Task prompt: Write out exactly the lines running from the one with "4、标的目的下拉动单位格,完当作数据填充,即可批量屏障手机号码后四位。" to the end of the data, including both of those lines and excluding pictures.

Collected material:
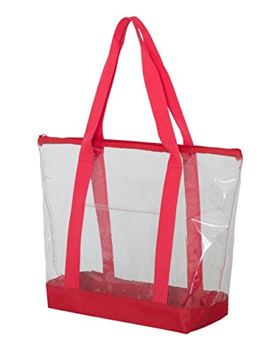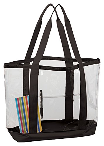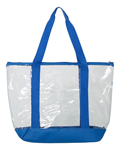 Product Description- .03 mm clear PVC - 600D polyester contrasting straps and bottom - Front pocket - Zipper closure - 25.5" handles - 19" x 14" x 6"0
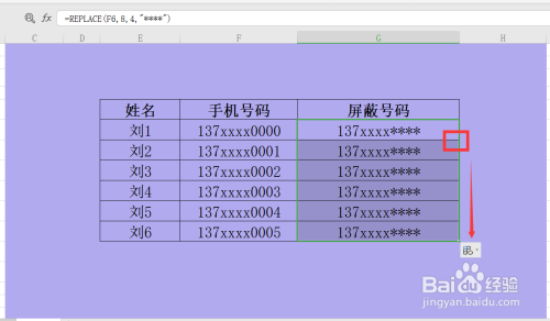 4、标的目的下拉动单位格,完当作数据填充,即可批量屏障手机号码后四位。
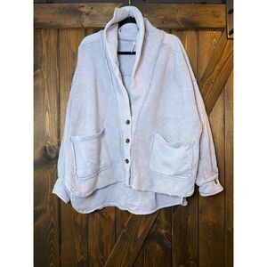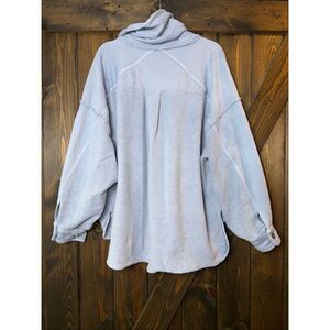 Free People Jordan Slouchy Reversed Fleece Jacket Boho Oversized Hippie M Blue

Solution to the exercise:
 4、标的目的下拉动单位格,完当作数据填充,即可批量屏障手机号码后四位。
 Free People Jordan Slouchy Reversed Fleece Jacket Boho Oversized Hippie M Blue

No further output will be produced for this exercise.